When upgrading an app to target Android 15 (targetSdk 35), edge to edge layouts are enabled by default. While the documentation about doing this for Compose and Views is very detailed and has everything needed for the migration, I want to call out some quick points that weren’t immediately obvious (or that I missed in the documentation the first time).1

Android 29 and Below

Typically, handling edge to edge is just a matter of targeting Android 35, calling enableEdgeToEdge(), and applying the appropriate insets to the layouts to make things look correct. Setting these insets usually takes the form of:

ViewCompat.setOnApplyWindowInsetsListener(view) { view, windowInsets ->
    // extract the insets we care about for this view
    val insets = windowInsets.getInsets(
        WindowInsetsCompat.Type.systemBars() or
        WindowInsetsCompat.Type.displayCutout()
    )

    // apply the padding
    view.updatePadding(left = insets.left, top = insets.top, right = insets.right, bottom = insets.bottom)
    // or margin
    // (requires a MarginLayoutParams friendly parent, ex FrameLayout)
    view.updateLayoutParams<MarginLayoutParams> {
        topMargin = insets.top
        leftMargin = insets.left
        bottomMargin = insets.bottom
        rightMargin = insets.right
    }

    // return a WindowInsetsCompat here removing whatever insets we
    // consumed that children should receive, or CONSUMED to consume all.
    WindowInsetsCompat.CONSUMED
}

One of the things I noticed was that, after getting the layout working properly on Android 35, it looked like my insets were being ignored on Android 24 when I tested it there.

Whenever we apply an OnApplyWindowInsetsListener and consume the insets, Android 29 and below do not dispatch the insets to siblings.
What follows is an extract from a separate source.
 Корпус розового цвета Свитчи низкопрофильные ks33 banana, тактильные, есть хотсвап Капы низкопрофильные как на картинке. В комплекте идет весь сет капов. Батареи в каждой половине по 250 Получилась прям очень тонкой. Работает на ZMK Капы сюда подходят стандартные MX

This causes sibling views to never have their listener fired. This is described more in the documentation here. There are two fixes for this.
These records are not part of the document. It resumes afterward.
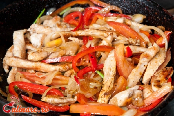 Amestecam toate incredientele pentru marinata, apoi punem pieptul de pui taiat fasii si amestecam. Vom tine pieptul de pui, la marinat in jur 30 minute. Cat timp sta carnea la marinat, curatam legumele, le taiem in fasii subtiri, iar patrunjelul il tocam marunt. Intr-o tigaie, in care am incins ulei, calim legumele, iar cand s-au innabusit, adaugam puiul si le gatim impreuna cam 10 minute. La final punem boabele de porumb, sare si piper si dam de pe foc, punem smantana si e gata. Umplem tortillias cu amestecul preparat si le rulam formand un cornet inchis la baza, pentru a nu iesi din umplutura.
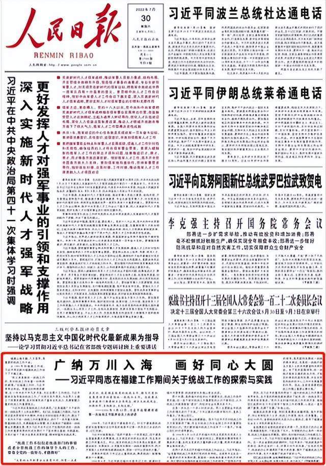 今年7月26日,《福建日报》第一至四版刊发重磅文章《广纳万川入海 画好同心大圆——习近平同志在福建工作期间关于统战工作的探索与实践》,这篇文章在7月30日被《人民日报》转载。
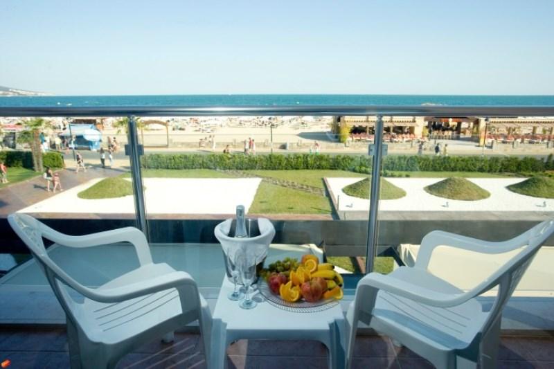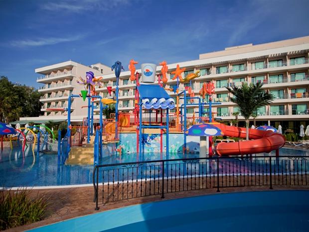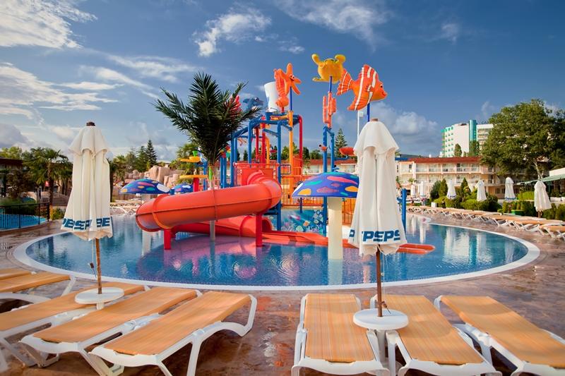 Это один из самых востребованных отелей для отдыха с детьми. Лежит на первой линии пляжа курорта Солнечный Берег, гордится великолепным аквапарком. Зонтами и лежаки бесплатны для гостей отеля. Кроме аквапарка есть и мини-клуб, шесть ресторанов, ряд баров и анимационная программа. Вкусно кормят и услужливый персонал, многие говорят по-русски.
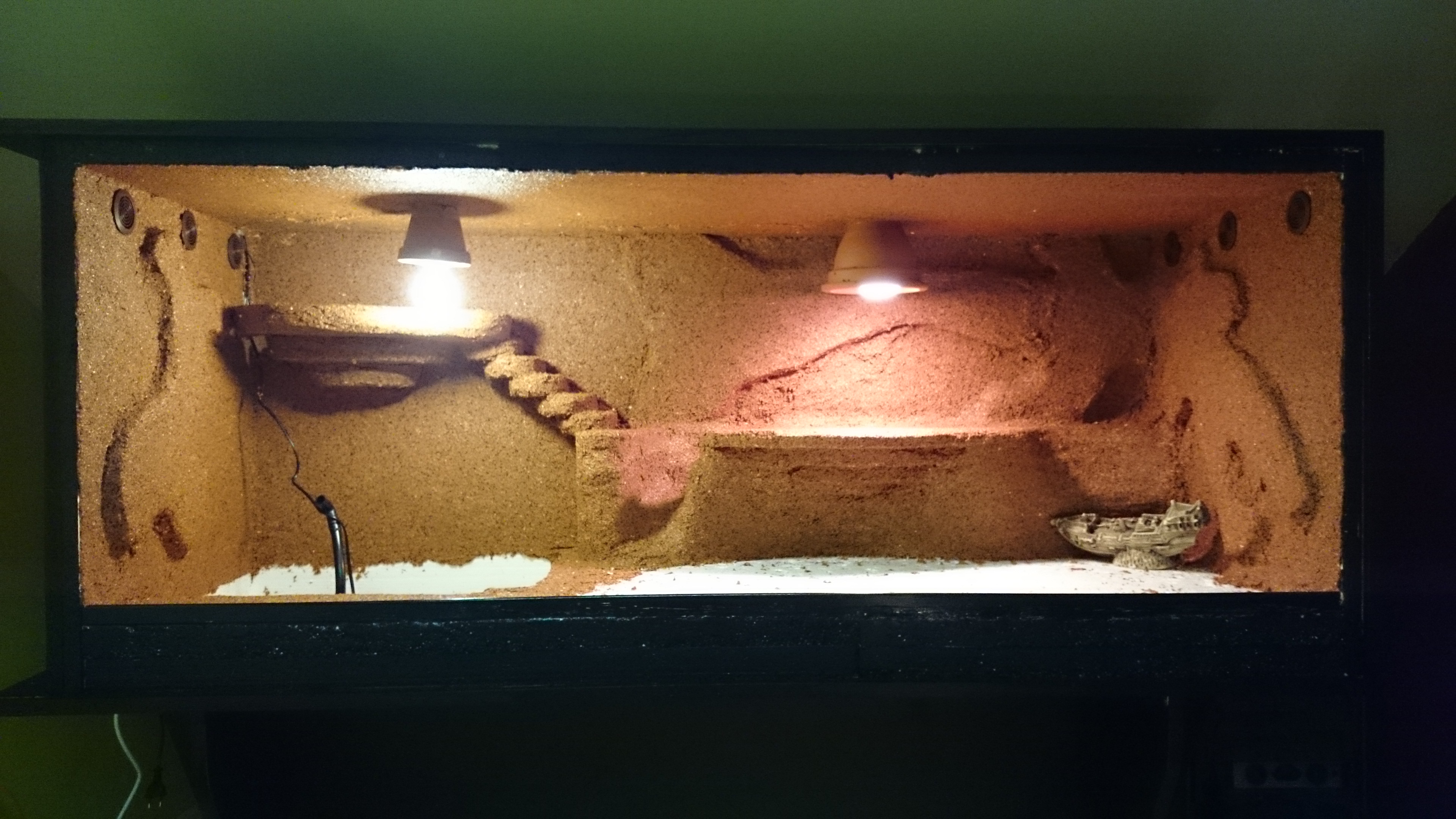 tohle terárko je celé blbě, tam je vůbec nedávej...opakuji, jsou to stromoví ještěři, co potřebují ubikaci orientovanou na výšku, nebo max. do krychle. Tohle je terárko tak na vousatky, jak už bylo psáno výš.

The first, described in the documentation, was added in the 1.16.0-alpha01 or above versions of androidx’s core / core-ktx libraries (the latest as of this writing is androidx.core:core-ktx:1.16.0-rc01). It can be used by calling this function to allow Android 29 and below to behave similarly to Android 30 and above.
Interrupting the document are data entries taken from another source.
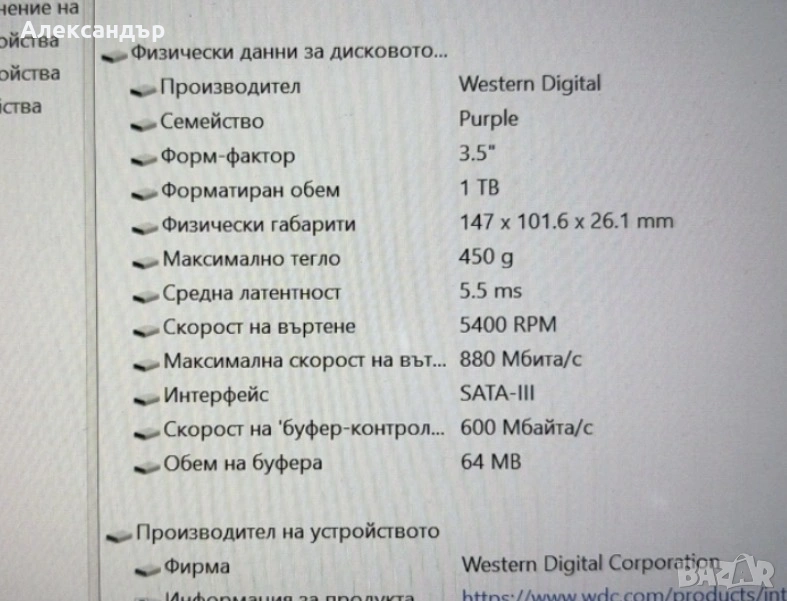 Здравейте, продавам 1TB HDD WD Purple 24/7 (S-ATAIII,5400rpm,64MB,3.5")
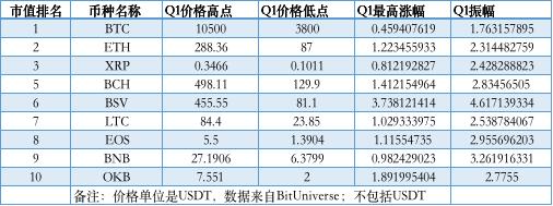 整个 Q1 ,BSV 最高涨幅最大,达到 373%;BTC 最高涨幅最小,只有 45.94%。
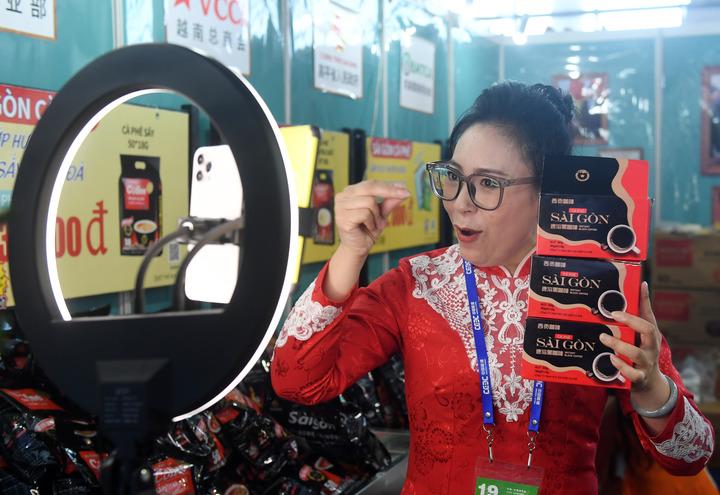 2022年9月19日,在東博會(huì)展覽現(xiàn)場(chǎng),一名參展工作人員在通過(guò)網(wǎng)絡(luò)推銷越南咖啡。新華社記者 陸波岸 攝
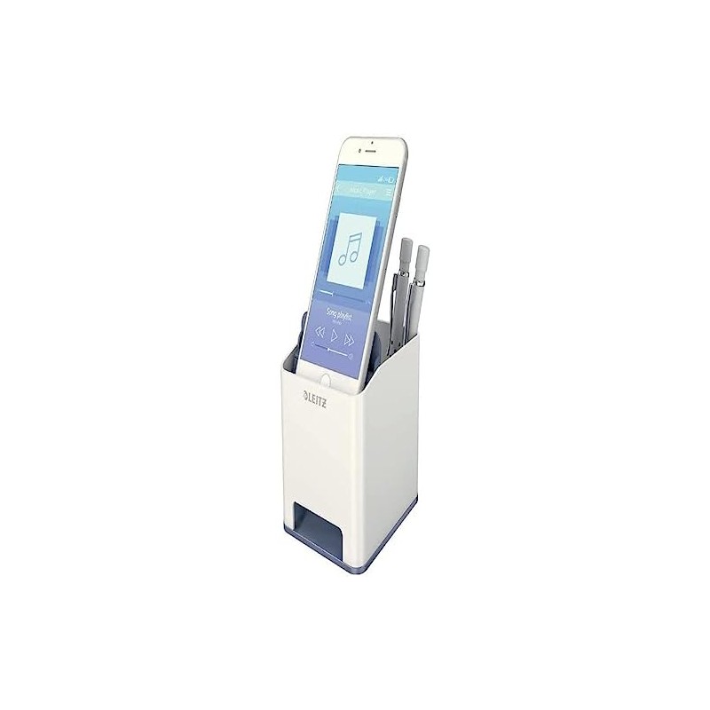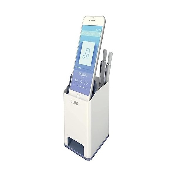 - Box contents: Leitz Wow sound pencil holder with sound amplification function. Colour: Pearl white/black.
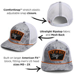 • COMFORT SNAP™ rear closure couples elastic stretch with adjustability of a snapback
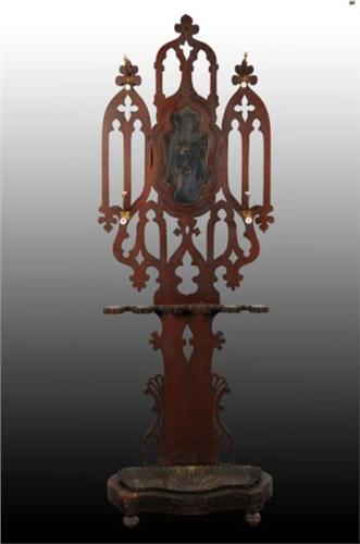 Description Walnut with metal base. Five holes for holding umbrellas. Missing three hooks. Furniture Category Condition (Excellent). Size 86" x 36".
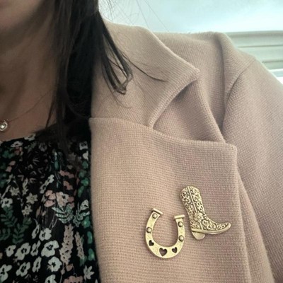 [This review was collected as part of a promotion.] This is a set of four pins that have a sort of country western theme to them. Three of the four pins are clutched back pens with the fourth being your typical pan closure. There’s a cowboy boot with texture throughout a pearl shaped bow, A textured butterfly, and a very fancy horseshoe. These would look great on the brim of any country western hat, or any outfit that you’d like to add a country vibe to. I received an incentive to write this review.
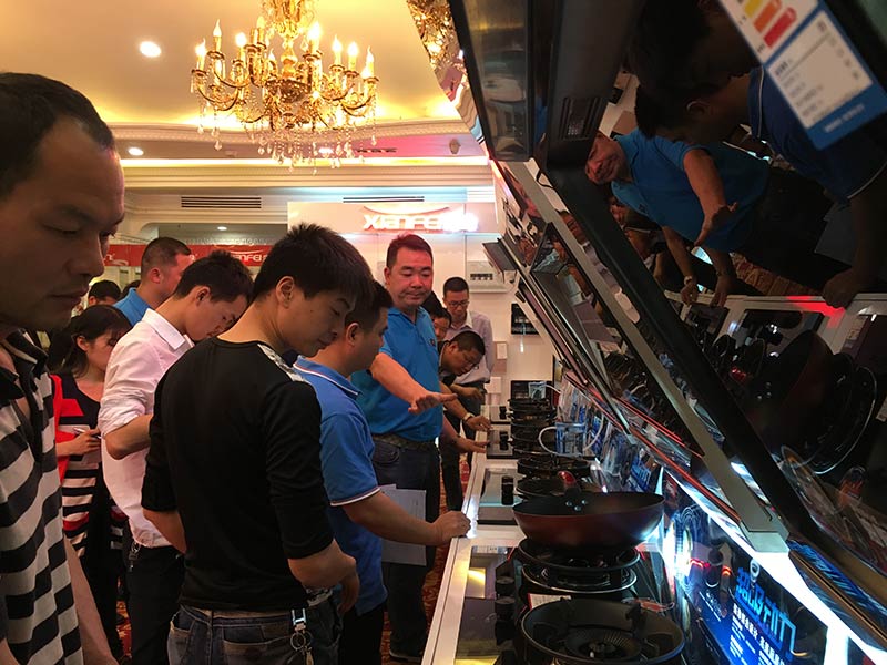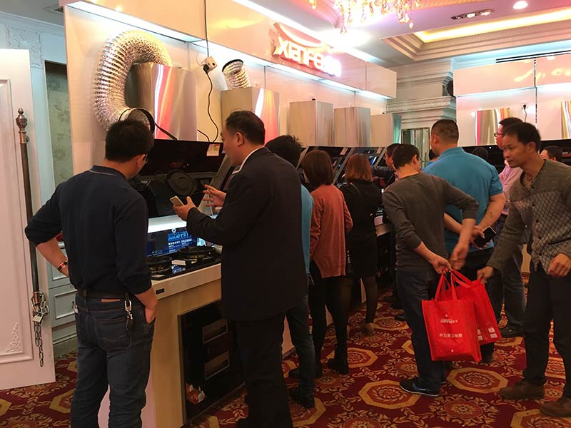 先飛廚衛在會場內共計陳列了25米煙機、灶具、消毒柜、凈水器、燃熱、電熱等產品,其中煙機與灶具基本上都是新品占主導地位。向全國其他兄弟區域一樣,先飛新品煙機、新品灶具、新品凈水器再一次上演被層層疊疊圍觀、被你爭我搶下單,氣場強悍,人潮澎湃!
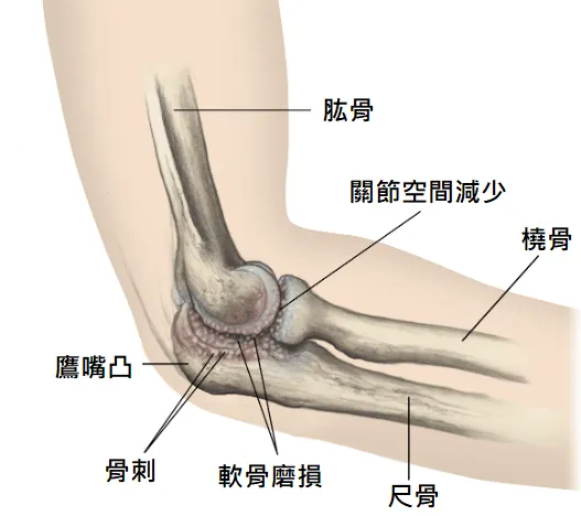 肘關節退化位於肘關節軟骨處,而退化錯位顧名思義則是骨骼磨損老化,即過度使用肘關節結構磨損於此關節等情形者皆屬於高風險族群。
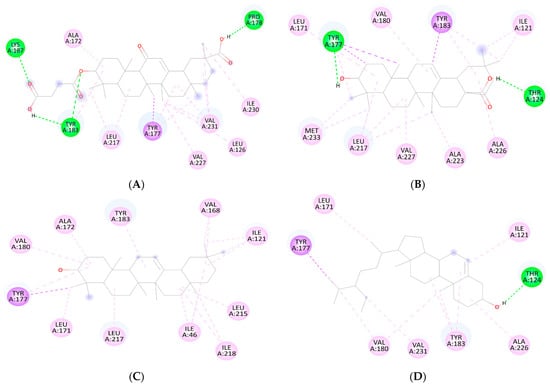 2D Binding orientation in the docked complex of the (A) carbenoxolone Acid, (B) oleanolic acid, β-amyrin (C), and β-sitosterol with 11-β-HSD1 (D). The compound is represented in green. The image was generated using the Discovery Studio Visualizer.

// before setting window insets listeners and applying them
ViewGroupCompat.installCompatInsetsDispatch(rootView)

Note that this fix also fixes the same issue happening with usages of android:fitsSystemWindows="true".

A second fix would be just to return the insets back from the listener (instead of consuming them). This has the implication that children of this ViewGroup would get these same insets again and have the option to react to them, which can cause double padding if it doesn’t make sense to do so (for example, if the parent handles the insets for the navigation bar, there’s likely no reason for its children to do so).

1960s Navigation on Android 29 and Above

If you run the app on Android 29 and above on a device with the 1960s (3 button) navigation style, you’ll get a transluscent scrim on top of the navigation area. Adding this will remove it:

if (Build.VERSION.SDK_INT >= Build.VERSION_CODES.Q) {
    window.setNavigationBarContrastEnforced(false)
}

Before / After

RecyclerView

The documentation mentions setting setting clipToPadding to false to allow items to be drawn under the paddings set for insets. Using this, in combination with setting the bottom padding on the RecyclerView, will ensure that the last item is not obscured. Alternatively, an ItemDecoration can be used to add the spacing at the bottom.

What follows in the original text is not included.